剛松了口氣,冷不丁聽到熟悉的嗓音:「原來你這次沒撒謊。」
我才發現江瞰站在窗邊,不知道已經站了多久。
「你怎麼在這裡?」我很意外。
「我給他打的電話哦。」穿著白大褂的醫生推門進來,「你被送到急診時通知各科會診,我恰好是會診醫生之一。驚不驚喜?意不意外?」
我盯著他,過了幾秒才認出來。
李橡,江瞰的發小。
江瞰聞言,嗤笑一聲:「你也是闲,什麼阿貓阿狗的闲事都要管。」
「喂喂,說話能不能放尊重一點。」
我慢吞吞地坐起來,打斷兩人的對話:「江瞰。」
江瞰側目看過來。
「你現在信了吧?我真的沒騙你,我命不久矣啦。」我感覺自己像傳銷頭子,不放過任何說服江瞰的機會,「你認真考慮一下,認下你閨女吧。」
病房瞬間安靜了。
我見江瞰沒有第一時間否定,便知道他這是開始心軟了。
連忙繼續遊說:「我知道你要結婚了,
這事確實對不住你,把你架起來了。」
「我也知道你不喜歡孩子。」
「但她實在太小了,需要一個監護人。除了你之外,我找不到別人了。」
「我可以籤協議,隻需要你把她養到成年。」
「我給她留了一點傍身錢,她不會分割江家的財產,以後也不會有糾紛。」
「閨女挺早熟的,也很懂事。

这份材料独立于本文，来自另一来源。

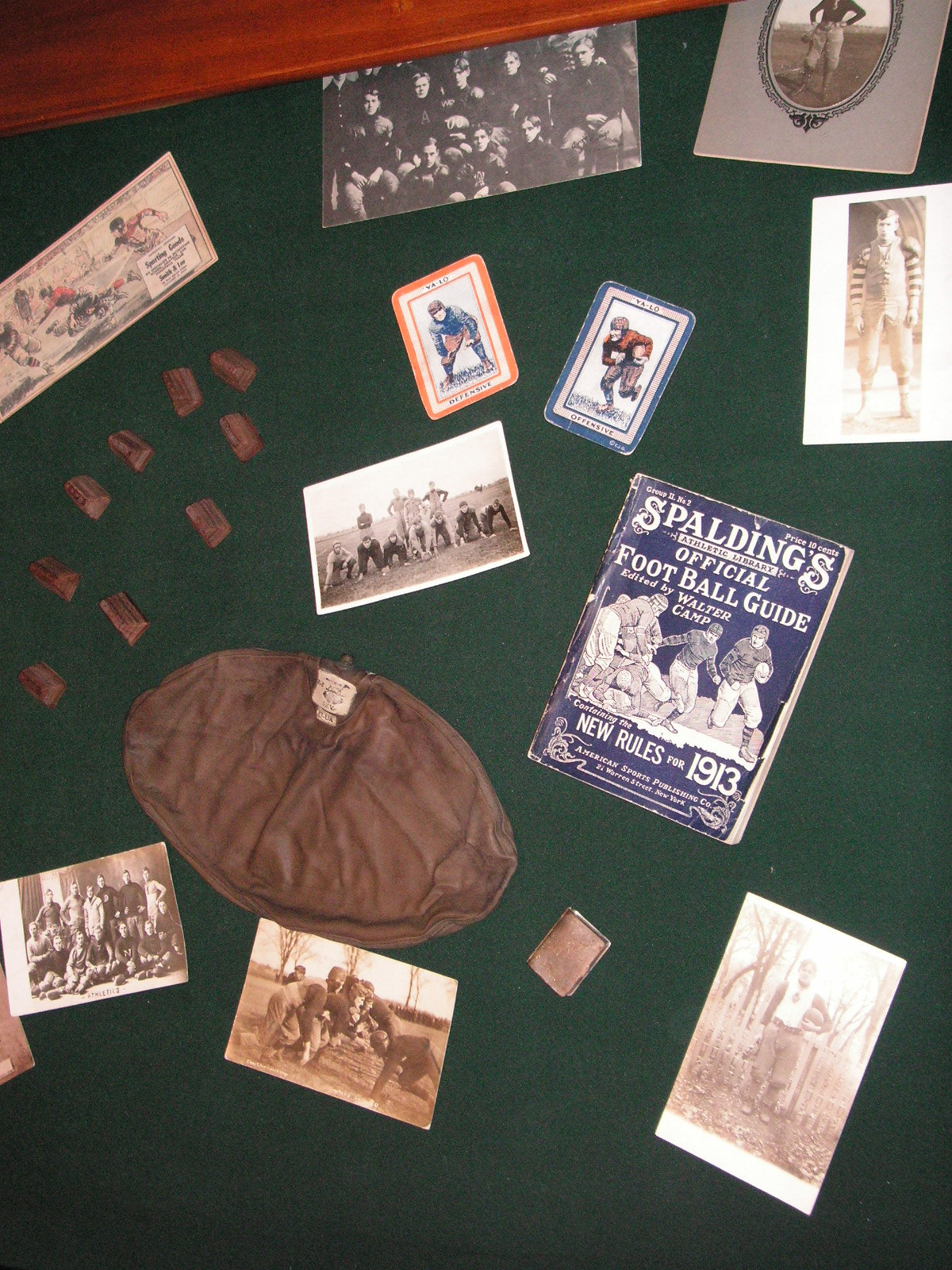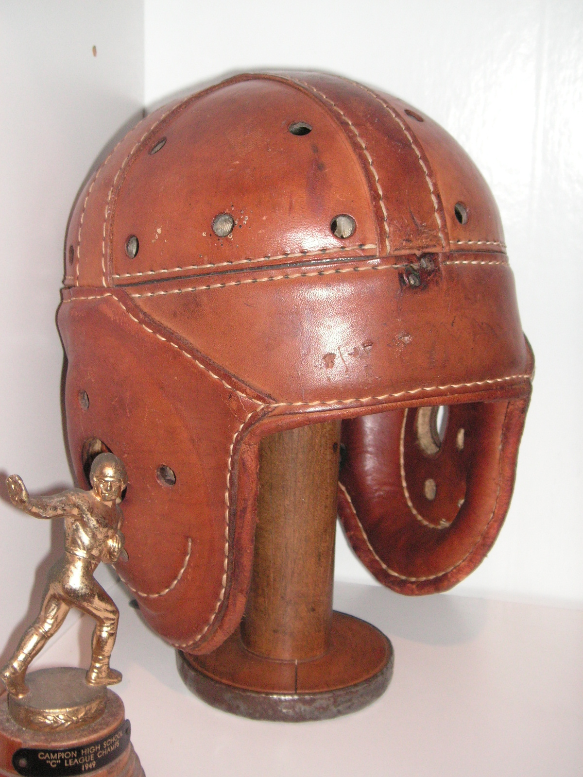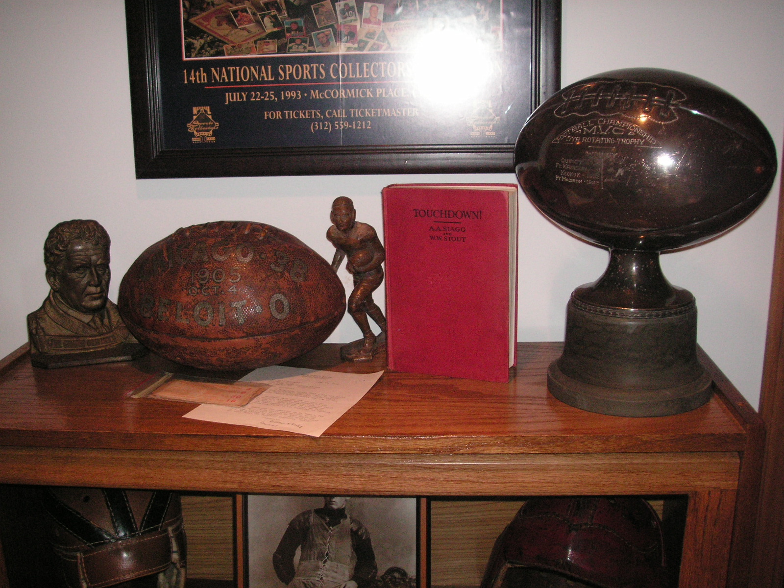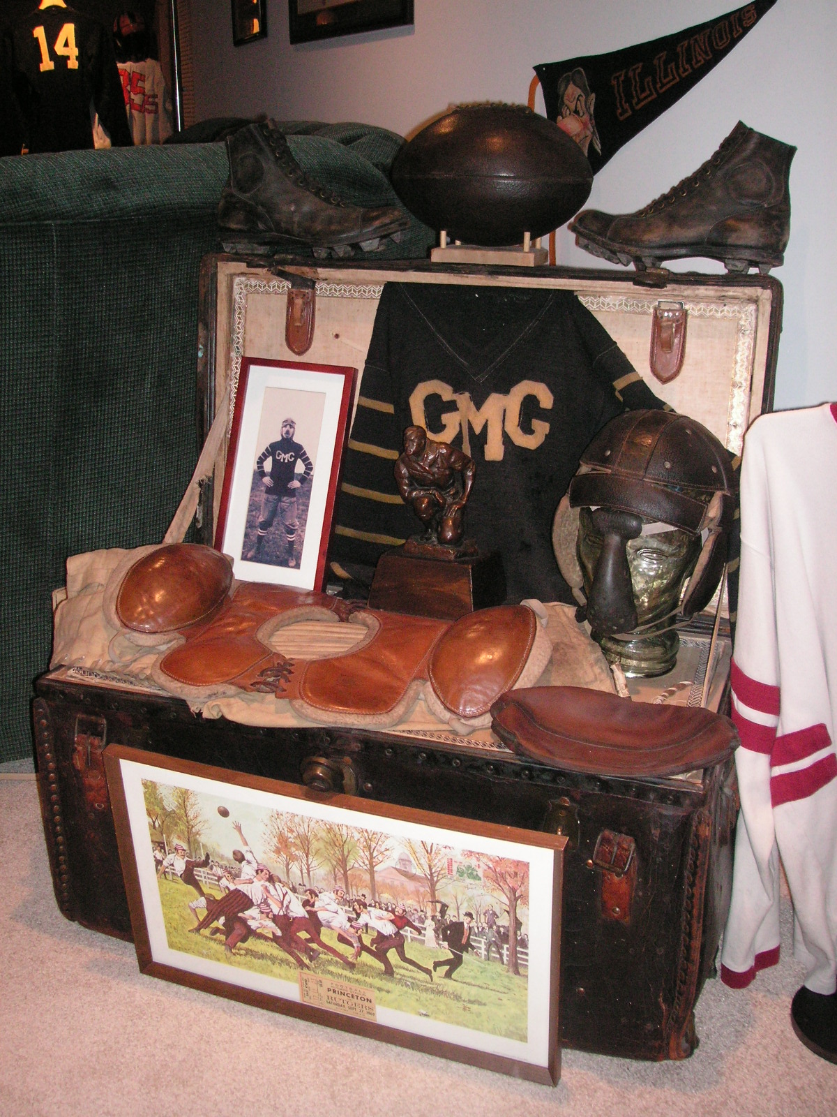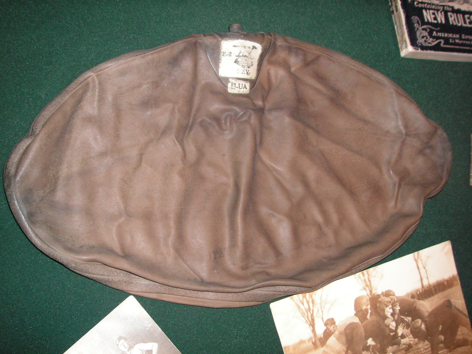 "I've been collecting vintage football items for about 13 years. I started by just wanting 1 leather football helmet. Loving the game of football so much as a player and coach, I was intrigued with the roots of the game. I searched every antique shop I came to with no luck for over a year. My parents found 2 old 1940's leather helmets at an antique shop in Wisconsin and bought them for me for Christmas 13 years ago and that was the start of my obsession. I enjoy having a nice assortment of items that span the decades the game has been played. I often wish I could go back and talk to the men who used to

你要是願意認下她,我保證,我S之前再也不和她見面,絕不給你多添一點麻煩!」
李橡欲言又止地看看我,又看看江瞰。
江瞰沒有答應,反而問我:「直到你S為止,都不和她見面?你忍心這樣對一個孩子?」
「忍心啊。」
隻要江瞰願意認下女兒。
隻是不見面有什麼大不了?
斷絕關系都行。
我盯著女兒乖巧的睡顏,
柔和了眉眼。
很早以前,我就和女兒說過,人都是作為獨立的個體來到這個世界。
沒有任何人能一輩子陪著你。
分別,是人的一生永恆不變需要學習的課題。
江瞰沉默了很久,終於開口:「我考慮考慮。」
「好的,請你盡快。」我無奈攤手,「不是威脅你啊,你問李橡,我確實撐不了多久了。」
9
我在醫院又住了幾天。
李橡現在是腫瘤科副主任,起初他還說,要是我一開始就來找他,搞不好病情不會發展到這個地步。
後來看了我的治療過程,他不吭聲了。
越是年輕的人,腫瘤惡性程度往往越高。
再加上我實在缺了點運氣,就我這一路的求醫過程,大羅神仙來了,也不過是這個結局。
江瞰下班後來了一趟醫院,
我問他能不能把女兒接回家裡。
「醫院病菌多,小孩子待在這裡其實挺不好的。」
「而且我覺得你可以先試著和女兒相處一下,再做決定。」
女兒聞言,期待地望著江瞰:「爸爸,可以嗎?」
江瞰默了默,終於還是點頭:「行吧。」
他隻在醫院停留了一會兒,離開時終於帶上了女兒。
「媽媽我先走啦,你在醫院也要加油哦!肯定很快就可以出院啦!」
她覺得我住院了這麼多天,病情肯定已經好轉了。